Handwork is strong medicine
Hand-tool woodworking helped Giuseppe Deepak Benti control a deep form of anxiety called anginophobia.Synopsis: Hand-tool woodworking helped Giuseppe Deepak Benti control a deep form of anxiety called anginophobia.
Hand-tool woodworking is my medicine against anginophobia. This unusual course of medication started a few years ago, during Covid-19, here in Bergamo Province, Italy, which was the European center of the pandemic … tough times for anyone.
I had a job in sales then for a U.S. multinational company, and during the pandemic, when I had to stay home from work for months, anxiety arrived. And then my anxiety turned into a deep anginophobia, something I had never heard of: It is the fear of choking while eating. I lost around 20 kilos in a few months.
Then, by chance, I discovered hand-tool woodworking. I knew nothing about working with my hands, but reading books by Paul Sellers and Tom Fidgen completely changed my life. I started with a few basic projects made with softwood, like the workbench I am using now.
By the end of 2021 I decided to leave my job to try becoming a full-time hand-tool woodworker. It’s pretty crazy, leaving something certain for uncertainty. But I realized during Covid that I needed to do what makes me happy. So, I am trying my best to learn the craft and to make woodworking with hand tools a full-time job. If it doesn’t work out, I’ll search again for a 9-to-5 job; but I want to have no regrets.
My approach to learning? I read lots of books and then practice, make mistakes, and learn from them. I am still definitely a newbie, but I am trying to build more complex furniture now, like an inlaid end table made with mahogany, cherry and maple, and a walnut workbench for a friend of mine.
I don’t have a shop yet. I work in a small corridor at home that is a little less than 10 ft by 4 ft. Not much, but it’s better than having no space. When the weather is good, I work on the patio behind the house. My own current bench shouldn’t really be called a workbench. The first project I made, it’s more of a worktable with drawers. But it does the job, though with lots of limitations. I recently bought some planks of beech so I can build a proper bench when I have a proper workspace.

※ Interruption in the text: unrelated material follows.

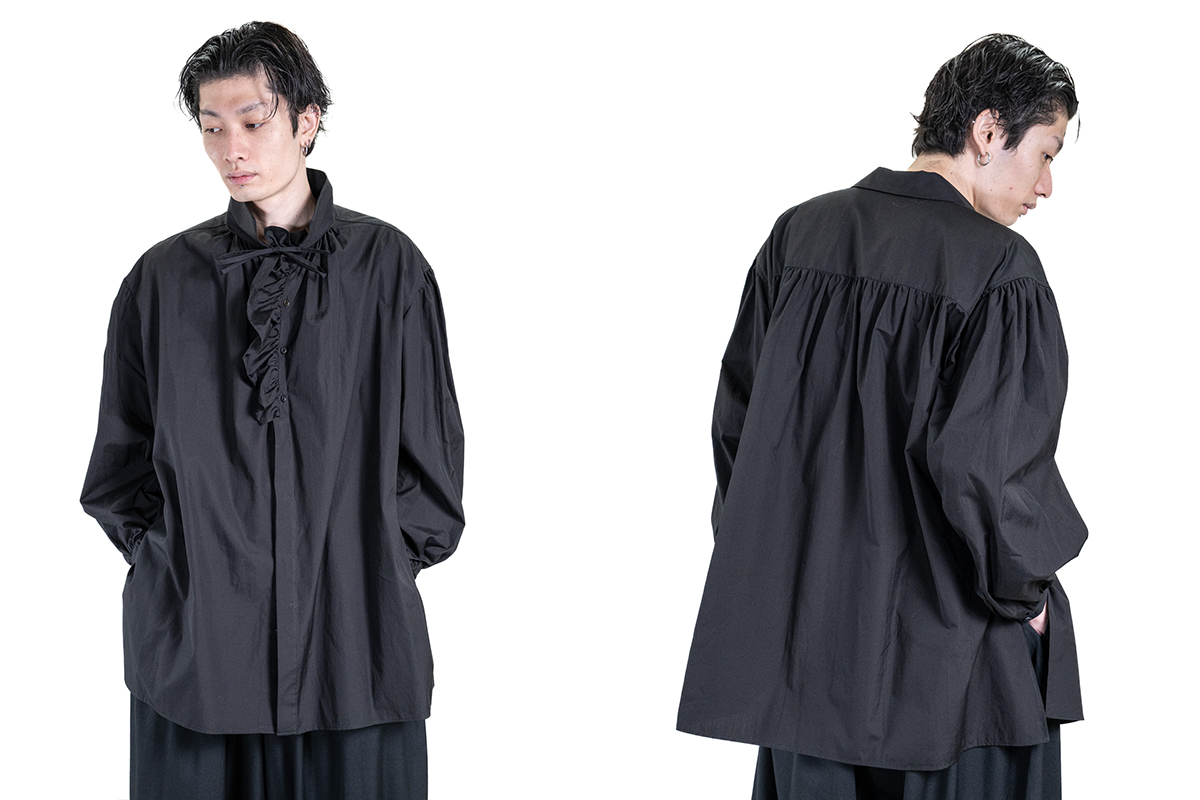 たっぷりと取られた肩幅と身幅、そしてフロントのフリルによってアンニュイな雰囲気とモードな雰囲気が同居するシャツに。
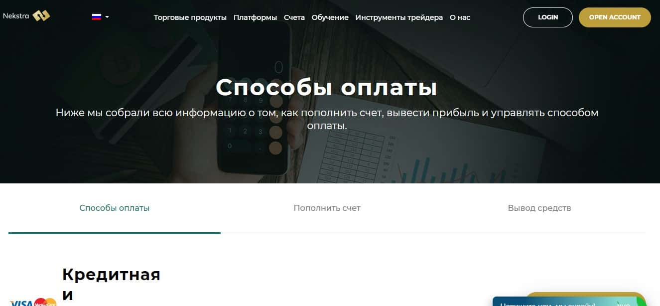 Виды оплаты торговых счетов от подвального сайта Nekstra

I work mostly with hardwoods now, and every project gets started with rough boards, so I prepare the stock entirely with hand planes. I don’t use a single power tool. I don’t think woodworking should involve just pushing a board into a thickness planer. I am afraid that by 2050 woodworkers will not even touch the wood—machines and AI will do the job for them, and woodworkers will just be pressing buttons, like we do today with smartphones. The skills of an artisan aren’t required for that.
I want to contribute to the craft by learning the hand skills that the best artisans master, and by passing on the knowledge to others in decades to come.
As I say, hand-tool woodworking is my medicine against extreme anxiety, which I am still fighting. Luckily for me, my medicine is a lifelong learning process. I’m hoping its effectiveness will never fade.
—Giuseppe Deepak Benti lives and works in Bergamo, Italy.